# Person farbig, Hintergrund Schwarz weiss



## Mororu (13. September 2004)

Hallo zusammen

Ich habe folgendes Problem. Ich habe ein Foto das eine Böschung als Hintergrund zeigt, davor steht eine Person. 
Nun möchte ich den Hintergrund (Böschung) schwarz/weiss haben, aber die Person im Vordergrund soll farbig bleiben.

Wie erziele ich dieses Resultat. Oder ist es gar nicht möglich mit Photoshop einen solchen effekt zu erzielen? 

Vielen Dank schon im voraus.


----------



## Fineas (13. September 2004)

Dringende Empfehlung: Anfängertutorials und Stichwort Ebenen.

Nimmst Du Bild (farbig) und duplizierst die Ebene. Nun solltest Du 2 identische Ebenen haben. 
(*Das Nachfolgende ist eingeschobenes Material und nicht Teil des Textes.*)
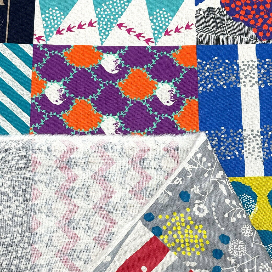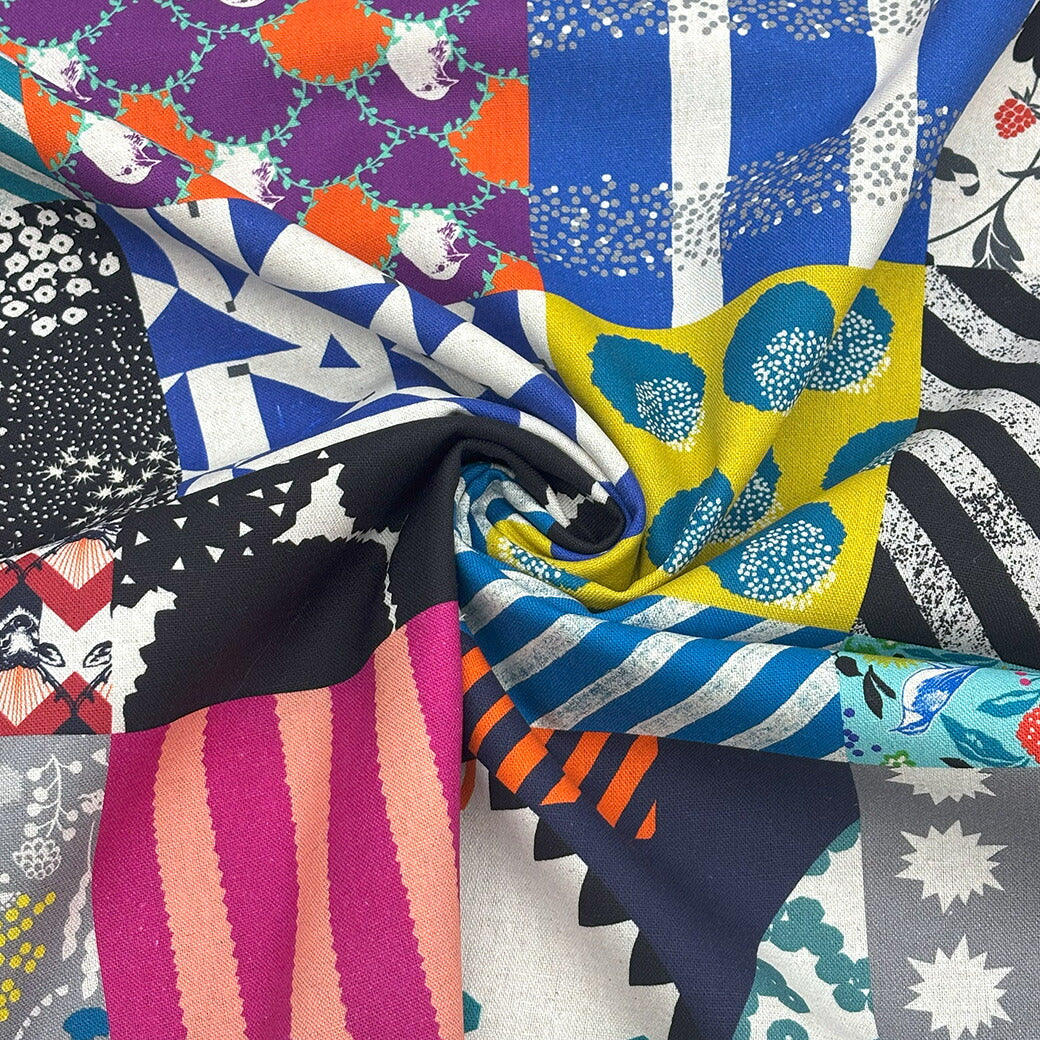 生地 【 echino 20th anniversary 】 KOKKA エチノ エチノ生地 綿麻 綿麻キャンバス コットンリネンキャンバス 110cm巾 20周年記念パネル パッチワーク柄 マルチカラー バッグ エプロン ラ

Der nächste Schritt lässt sich verschiedenartig angehen. Als Vorschlag:

Blende die untere Ebene aus und stelle die Person auf der oberen Ebene frei. Wie Du das anstellst gibt es auch in dieversen Anleitungen zu lesen. Mein Favorit wäre die Ebenenmaske.

Jetzt hast Du eine freigestellte Person in Farbe ohne Hintergrund.

Also: obere Ebene ausblenden. Untere Ebene einblenden und aktivieren. 

Untere Ebene komplett in Graustufen wandeln: Meine Favoritenmethode: 
BILD->Einstellungen->Kananlmixer und dann auf Monochrom klicken, ggf noch die Kanäle anpassen.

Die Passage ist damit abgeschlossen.